[Stored entries]
··········

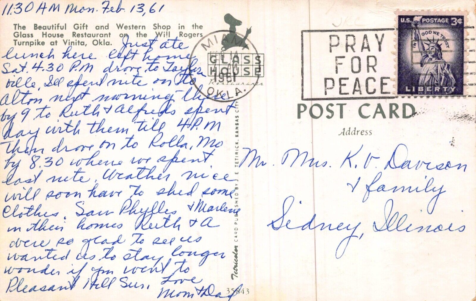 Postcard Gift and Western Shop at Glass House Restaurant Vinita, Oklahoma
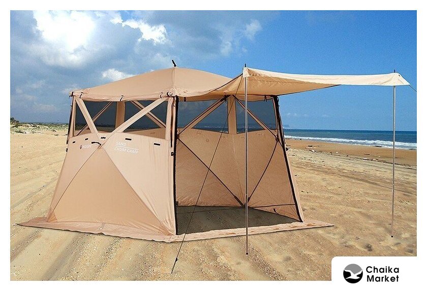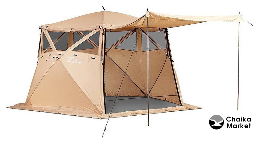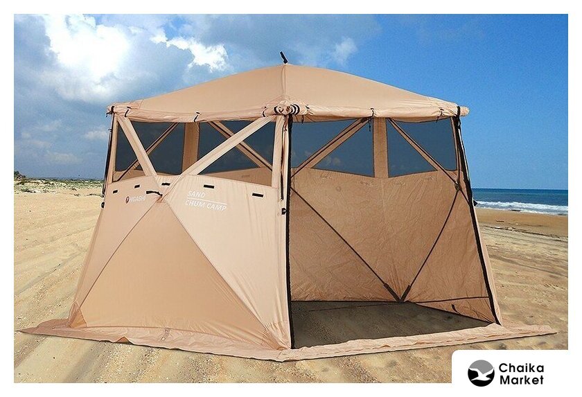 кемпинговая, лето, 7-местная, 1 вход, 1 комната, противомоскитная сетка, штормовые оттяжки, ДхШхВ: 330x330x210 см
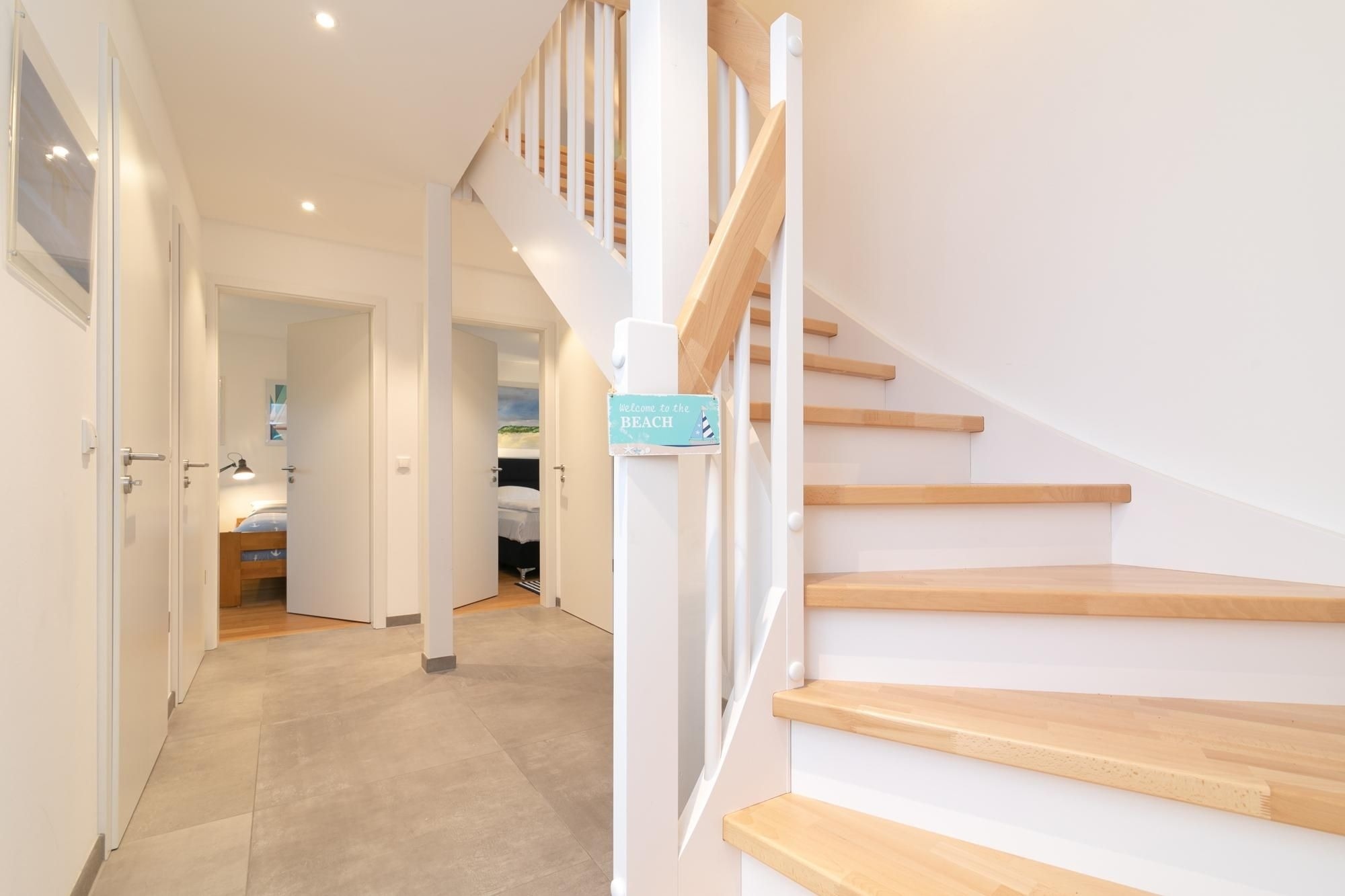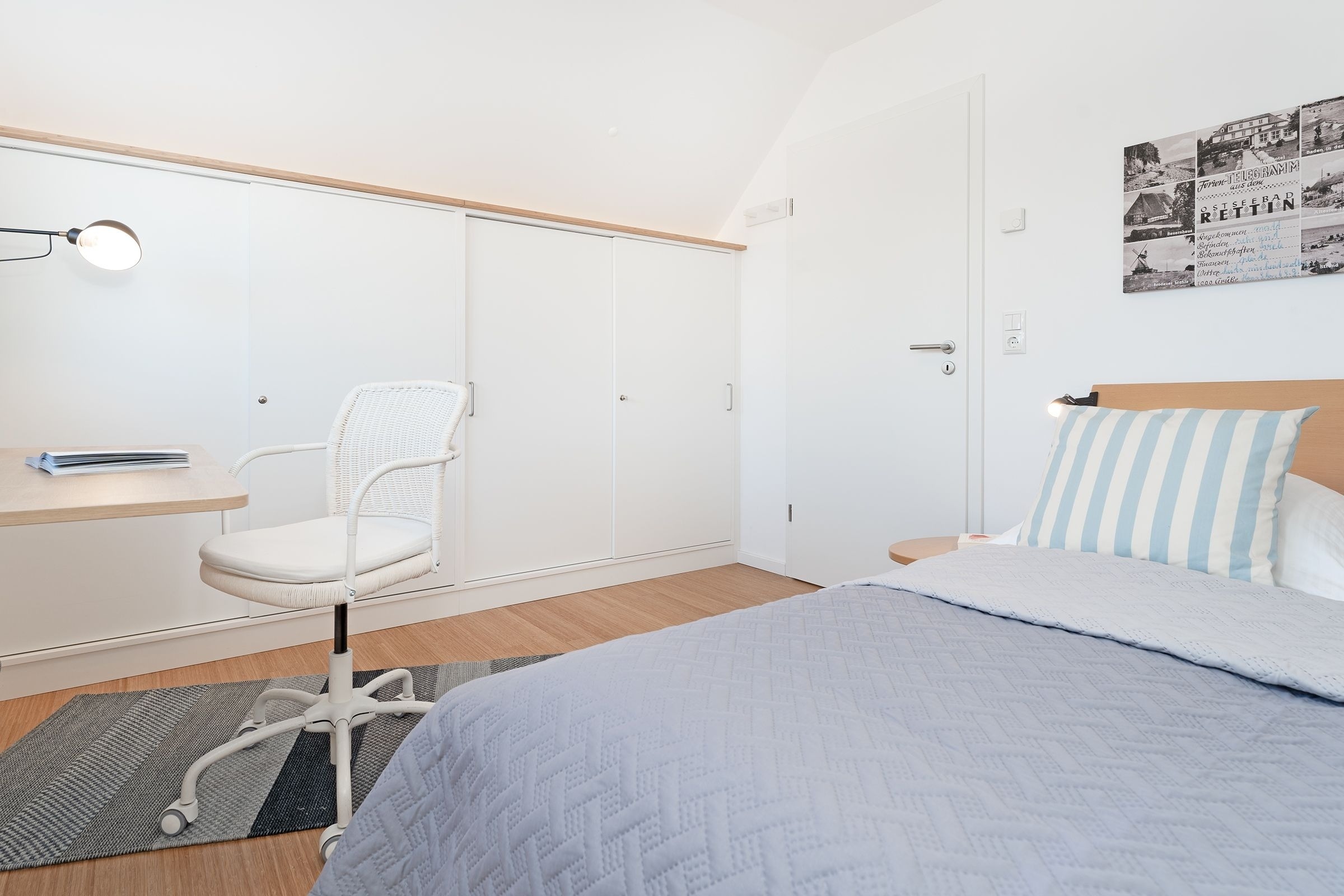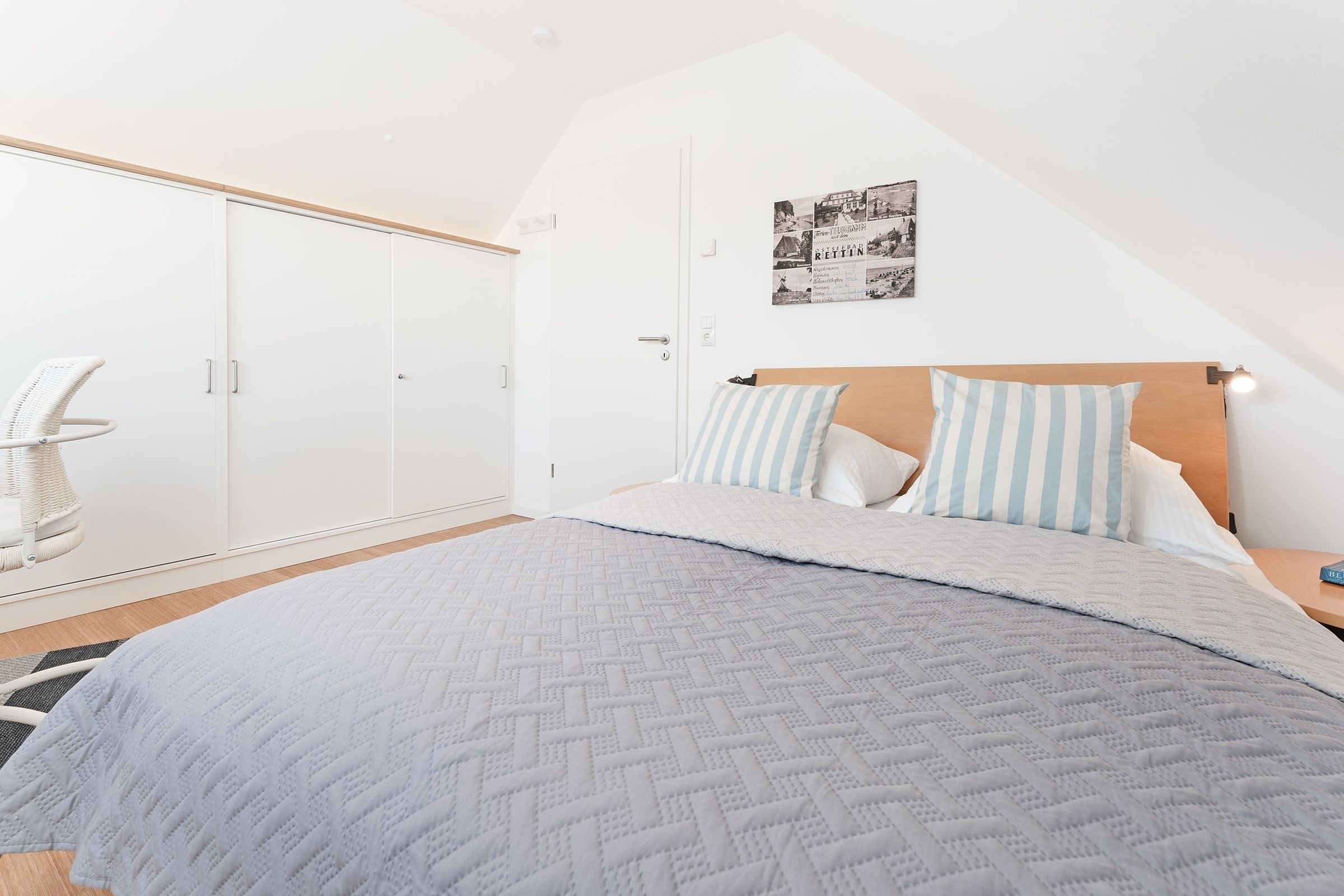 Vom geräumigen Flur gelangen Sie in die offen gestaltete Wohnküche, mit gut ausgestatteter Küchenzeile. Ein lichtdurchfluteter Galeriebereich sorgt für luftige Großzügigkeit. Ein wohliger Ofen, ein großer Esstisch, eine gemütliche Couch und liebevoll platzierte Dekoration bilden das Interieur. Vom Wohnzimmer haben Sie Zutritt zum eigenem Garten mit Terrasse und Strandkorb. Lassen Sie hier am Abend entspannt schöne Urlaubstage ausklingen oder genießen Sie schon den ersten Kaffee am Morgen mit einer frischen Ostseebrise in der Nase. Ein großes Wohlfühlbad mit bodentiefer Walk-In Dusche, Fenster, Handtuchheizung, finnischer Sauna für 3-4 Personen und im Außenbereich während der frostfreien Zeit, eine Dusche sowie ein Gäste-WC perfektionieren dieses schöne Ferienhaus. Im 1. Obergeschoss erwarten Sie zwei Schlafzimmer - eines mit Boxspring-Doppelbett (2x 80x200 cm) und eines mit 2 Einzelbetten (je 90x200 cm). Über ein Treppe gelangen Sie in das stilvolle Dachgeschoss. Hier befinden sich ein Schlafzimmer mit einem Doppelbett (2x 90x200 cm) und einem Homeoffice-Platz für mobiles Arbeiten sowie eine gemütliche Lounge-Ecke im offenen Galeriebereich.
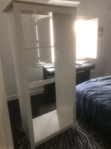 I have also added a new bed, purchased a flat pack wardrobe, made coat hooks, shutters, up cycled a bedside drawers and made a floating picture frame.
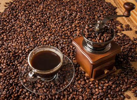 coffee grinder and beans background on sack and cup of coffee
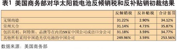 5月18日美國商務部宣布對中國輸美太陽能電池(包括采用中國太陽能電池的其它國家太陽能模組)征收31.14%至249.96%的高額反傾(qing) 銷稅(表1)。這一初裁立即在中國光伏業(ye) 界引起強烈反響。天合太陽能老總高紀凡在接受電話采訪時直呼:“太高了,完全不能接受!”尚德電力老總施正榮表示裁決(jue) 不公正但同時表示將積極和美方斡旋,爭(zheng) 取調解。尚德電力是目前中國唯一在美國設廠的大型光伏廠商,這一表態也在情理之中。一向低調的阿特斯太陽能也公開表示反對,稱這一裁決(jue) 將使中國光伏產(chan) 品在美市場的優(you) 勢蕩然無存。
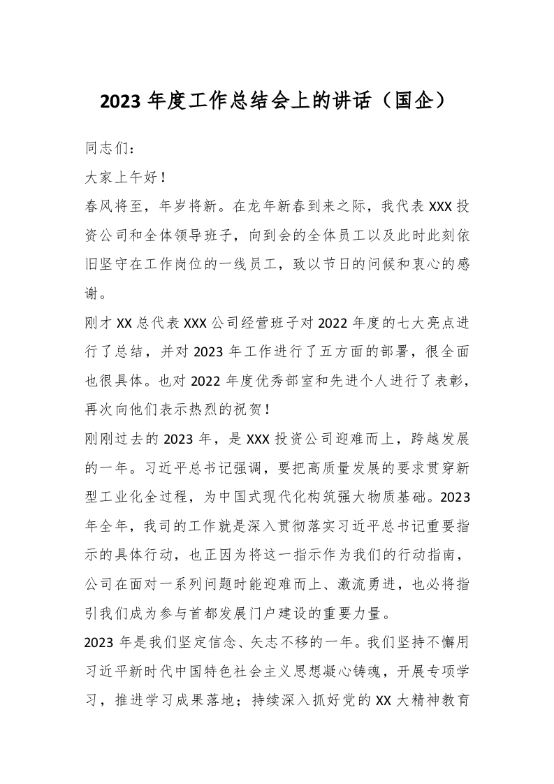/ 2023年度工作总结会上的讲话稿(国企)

··········

● **Task goal**
Above are the records; please give again, exactly and in full, only the lines that run from the line with "кемпинговая, лето, 7-местная, 1" through the line with "Vom geräumigen Flur", with no pictures.

● **Response area**
 кемпинговая, лето, 7-местная, 1 вход, 1 комната, противомоскитная сетка, штормовые оттяжки, ДхШхВ: 330x330x210 см
 Vom geräumigen Flur gelangen Sie in die offen gestaltete Wohnküche, mit gut ausgestatteter Küchenzeile. Ein lichtdurchfluteter Galeriebereich sorgt für luftige Großzügigkeit. Ein wohliger Ofen, ein großer Esstisch, eine gemütliche Couch und liebevoll platzierte Dekoration bilden das Interieur. Vom Wohnzimmer haben Sie Zutritt zum eigenem Garten mit Terrasse und Strandkorb. Lassen Sie hier am Abend entspannt schöne Urlaubstage ausklingen oder genießen Sie schon den ersten Kaffee am Morgen mit einer frischen Ostseebrise in der Nase. Ein großes Wohlfühlbad mit bodentiefer Walk-In Dusche, Fenster, Handtuchheizung, finnischer Sauna für 3-4 Personen und im Außenbereich während der frostfreien Zeit, eine Dusche sowie ein Gäste-WC perfektionieren dieses schöne Ferienhaus. Im 1. Obergeschoss erwarten Sie zwei Schlafzimmer - eines mit Boxspring-Doppelbett (2x 80x200 cm) und eines mit 2 Einzelbetten (je 90x200 cm). Über ein Treppe gelangen Sie in das stilvolle Dachgeschoss. Hier befinden sich ein Schlafzimmer mit einem Doppelbett (2x 90x200 cm) und einem Homeoffice-Platz für mobiles Arbeiten sowie eine gemütliche Lounge-Ecke im offenen Galeriebereich.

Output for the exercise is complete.